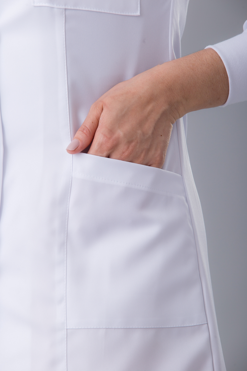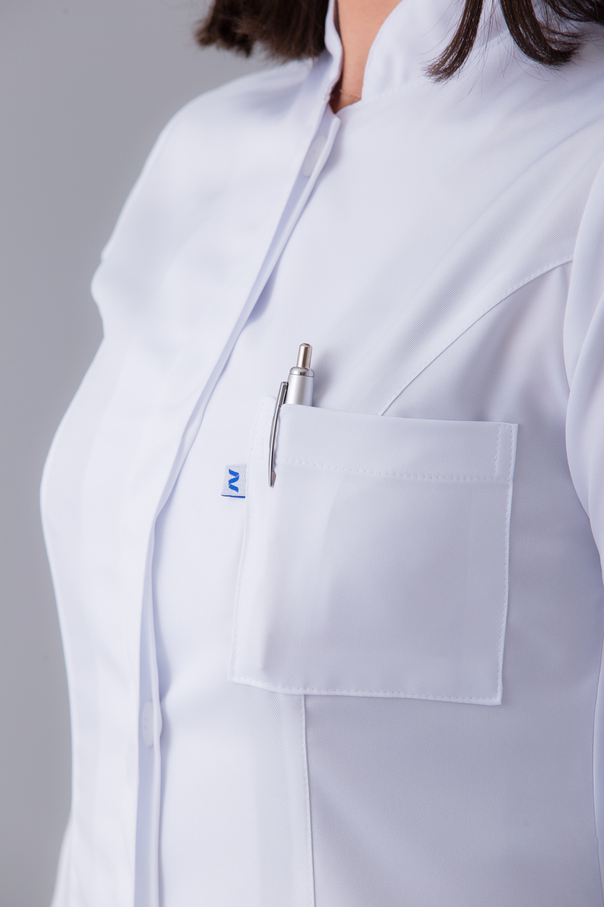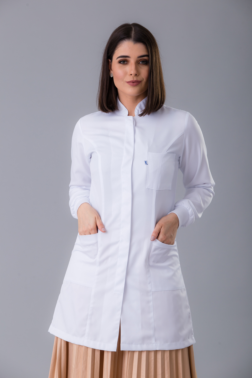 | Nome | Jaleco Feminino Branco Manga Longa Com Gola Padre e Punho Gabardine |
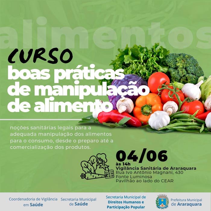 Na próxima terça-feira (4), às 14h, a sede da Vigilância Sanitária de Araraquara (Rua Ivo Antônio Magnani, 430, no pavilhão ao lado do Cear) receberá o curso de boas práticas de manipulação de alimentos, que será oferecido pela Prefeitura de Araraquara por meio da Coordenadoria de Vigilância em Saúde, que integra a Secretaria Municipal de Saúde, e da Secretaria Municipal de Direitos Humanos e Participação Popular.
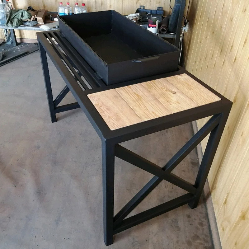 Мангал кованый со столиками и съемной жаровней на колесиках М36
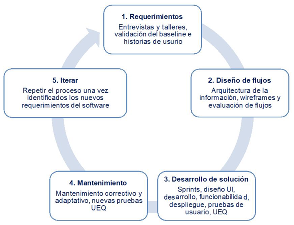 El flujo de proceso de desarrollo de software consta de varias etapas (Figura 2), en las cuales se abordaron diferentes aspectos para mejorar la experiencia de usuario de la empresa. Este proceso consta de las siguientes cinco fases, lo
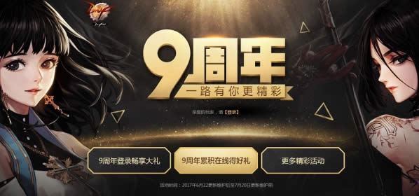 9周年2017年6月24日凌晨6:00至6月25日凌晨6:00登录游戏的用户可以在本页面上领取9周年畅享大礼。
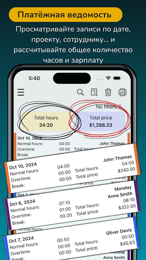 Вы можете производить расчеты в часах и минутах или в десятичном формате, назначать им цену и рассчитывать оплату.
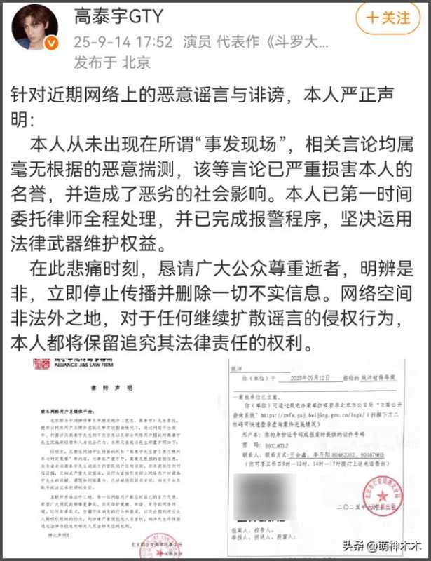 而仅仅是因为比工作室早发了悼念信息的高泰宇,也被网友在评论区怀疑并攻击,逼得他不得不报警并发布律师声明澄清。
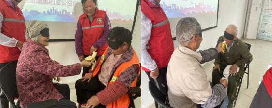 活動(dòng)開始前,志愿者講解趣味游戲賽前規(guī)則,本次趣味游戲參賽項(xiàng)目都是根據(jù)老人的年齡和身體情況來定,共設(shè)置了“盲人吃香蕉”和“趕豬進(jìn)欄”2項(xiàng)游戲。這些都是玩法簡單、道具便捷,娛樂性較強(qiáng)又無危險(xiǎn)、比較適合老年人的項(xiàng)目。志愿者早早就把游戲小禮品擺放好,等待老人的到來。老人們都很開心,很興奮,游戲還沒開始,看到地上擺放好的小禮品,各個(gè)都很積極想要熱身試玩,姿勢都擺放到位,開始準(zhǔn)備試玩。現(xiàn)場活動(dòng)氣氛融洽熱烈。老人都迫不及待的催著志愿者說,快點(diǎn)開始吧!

━━━━━━━━━━━━━━━━━━━━━━━━━━━━━━

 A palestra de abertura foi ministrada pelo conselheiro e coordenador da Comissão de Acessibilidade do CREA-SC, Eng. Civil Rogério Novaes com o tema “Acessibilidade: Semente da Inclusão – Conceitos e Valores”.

━━━━━━━━━━━━━━━━━━━━━━━━━━━━━━

_DIRECTIONS FOR THIS TASK:_ Return exactly the lines of the material above, starting at the line containing "Мангал кованый со" and finishing at the line containing "Вы можете производить", without any pictures.

_RESPONSE:_
 Мангал кованый со столиками и съемной жаровней на колесиках М36
 El flujo de proceso de desarrollo de software consta de varias etapas (Figura 2), en las cuales se abordaron diferentes aspectos para mejorar la experiencia de usuario de la empresa. Este proceso consta de las siguientes cinco fases, lo
 9周年2017年6月24日凌晨6:00至6月25日凌晨6:00登录游戏的用户可以在本页面上领取9周年畅享大礼。
 Вы можете производить расчеты в часах и минутах или в десятичном формате, назначать им цену и рассчитывать оплату.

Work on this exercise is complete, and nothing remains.